- IATA: none; ICAO: none; FAA LID: 8S1;

Summary
- Airport type: Public
- Owner: City of Polson & Lake County
- Serves: Polson, Montana
- Elevation AMSL: 2,941 ft / 896 m
- Coordinates: 47°41′44″N 114°11′07″W﻿ / ﻿47.69556°N 114.18528°W

Map
- 8S1 Location of airport in Montana

Runways
| Direction | Length |  | Surface |
| ft | m |
| 18/36 | 4,195 | 1,279 | Asphalt |
| 3W/21W | 4,000 | 1,219 | Water |

Statistics (2008)
- Aircraft operations: 9,750
- Based aircraft: 30
- Source: Federal Aviation Administration

= Polson Airport =

Polson Airport is a public use airport in Lake County, Montana, United States. It is located one nautical mile (2 km) west of the central business district of Polson, a city on the southern shore of Flathead Lake. The airport is owned by the City of Polson and Lake County. It is included in the National Plan of Integrated Airport Systems for 2011–2015, which categorized it as a general aviation facility.

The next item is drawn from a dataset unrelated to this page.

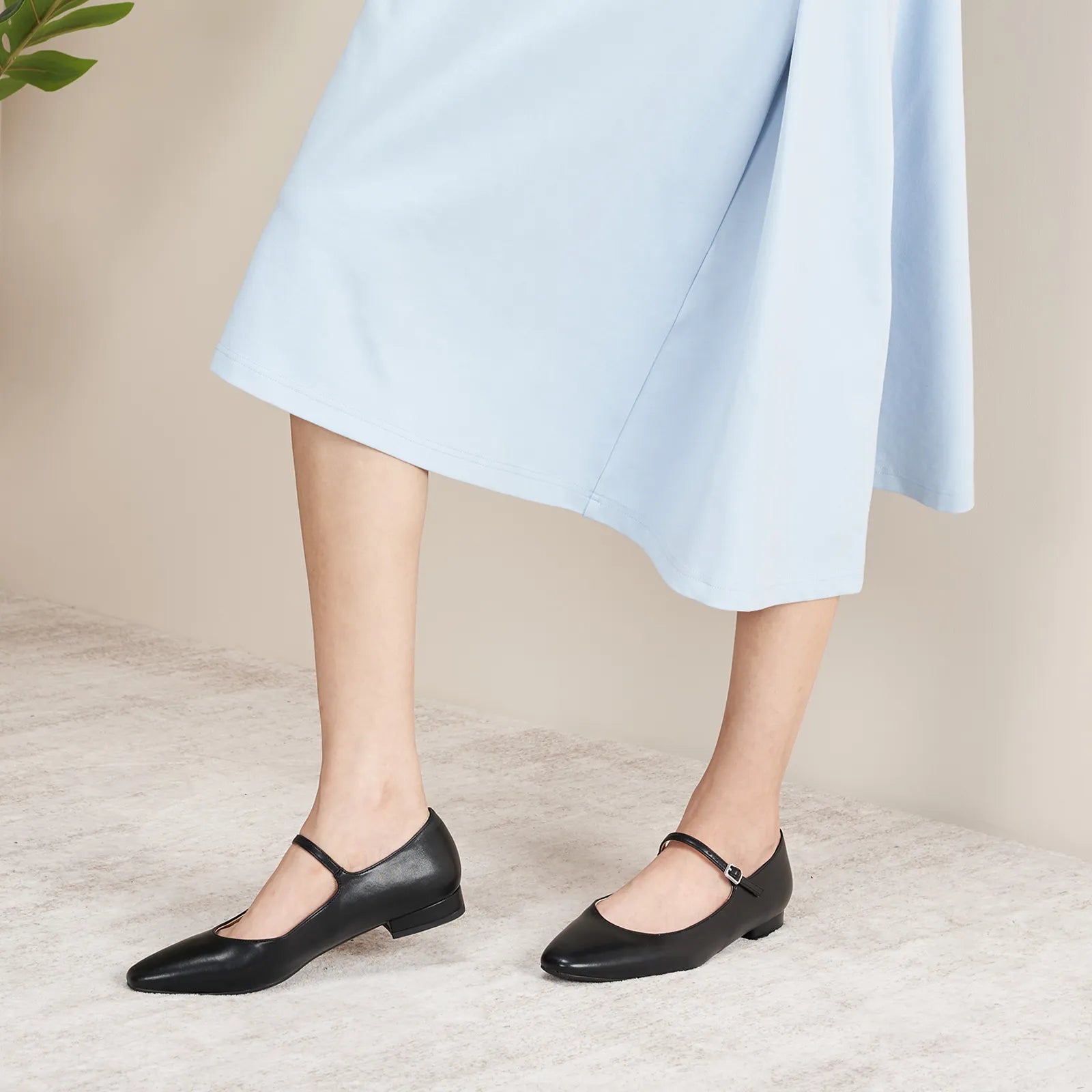 Step into timeless elegance with these classic Mary Jane flats. Crafted with a sleek, minimalist design, they feature a smooth finish that adds a touch of sophistication to any outfit. The delicate buckle strap ensures a secure fit, while the almond-toe silhouette offers both comfort and style. Perfect for daily wear or special occasions, these flats effortlessly blend versatility with chic appeal.

== Facilities and aircraft ==
Polson Airport covers an area of 97 acres (39 ha) at an elevation of 2,941 feet (896 m) above mean sea level. It has one asphalt paved runway designated 18/36 which measures 4,195 by 75 feet (1,279 x 23 m). It also has a seaplane landing area designated 3W/21W with a water surface measuring 4,000 by 500 feet (1,219 x 152 m).

For the 12-month period ending July 22, 2008, the airport had 9,750 aircraft operations, an average of 26 per day: 97% general aviation, 2% air taxi, and 1% military.
At that time there were 30 aircraft based at this airport: 90% single-engine, 3% jet, 3% helicopter, and 3% glider.